Boe Lionel Warawara (born 26 January 1995) is a Vanuatan bantamweight boxer.

Boxing career 
In 2014 and 2015 Warawara won the Vanuatu National Games in the 56 kg category.

He finished in third place at the 2015 Pacific Games after he lost to Henry Umings in the semifinal.

Warawara won the OCBC Oceania Confederation Boxing Championships against Jayden Hansen in the 56 kg class.

In 2016 he represented Vanuatu in the men's bantamweight at the 2016 Summer Olympics in Rio de Janeiro. He lost by unanimous decision in his first bout to Russia's Vladimir Nikitin.
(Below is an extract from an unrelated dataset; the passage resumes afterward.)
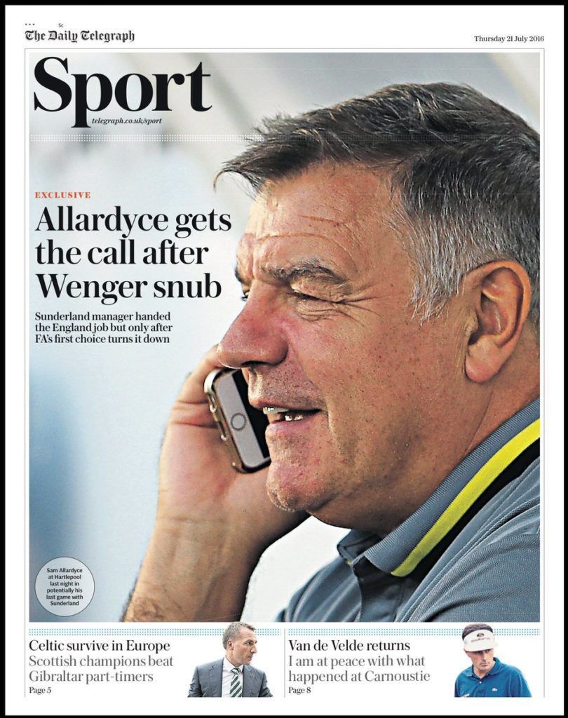 Federatia Engleza a recurs la Big Sam dupa ce a fost refuzata de Arsene Wenger. Francezul a refuzat postul de selectioner pentru ca inca mai spera ca va cuceri un titlu inainte de a pleca de la Arsenal. Wenger le-a promis insa englezilor ca va antrena echipa nationala intr-o zi.
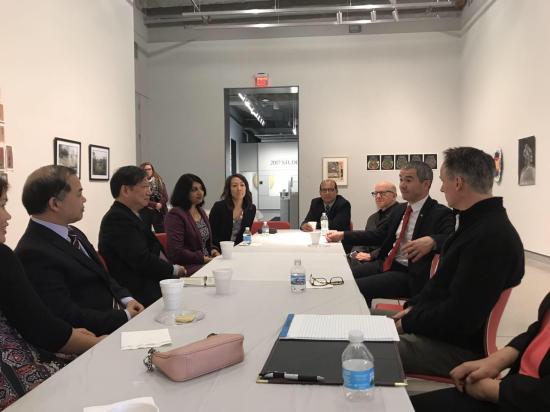2017年4月27日,我校执行董事长石伟平、校长叶才福以及国际交流处处长胡珍应邀回访了美国伊利诺伊州立大学。对方校长Dr. Larry Dietz, 教务长Dr. Jan Murphy等重要校级领导参加了签约仪式。在前期合作洽谈的基础上,双方签署了视觉传达专业的国际合作办学协议。根据协议内容,联合培养项目将于2017年9月开始招生,其中三分之一的课程将由外方教师来沪授课。第四年学生可赴美国伊利诺伊州立大学学习,条件合格的学生将获得两校学位证书。

In March 2017 Lionel Warawara began training at the https://www.warriorboxinggym.com in Brisbane, Australia under the tutelage of Aiba Star 2 coach Johnny Black. 
Qualification for the AIBA world championships 2017 were achieved, 
Later that year in December 2017 Lionel Warawara won a Gold medal at the pacific mini-game held in Vanuatu.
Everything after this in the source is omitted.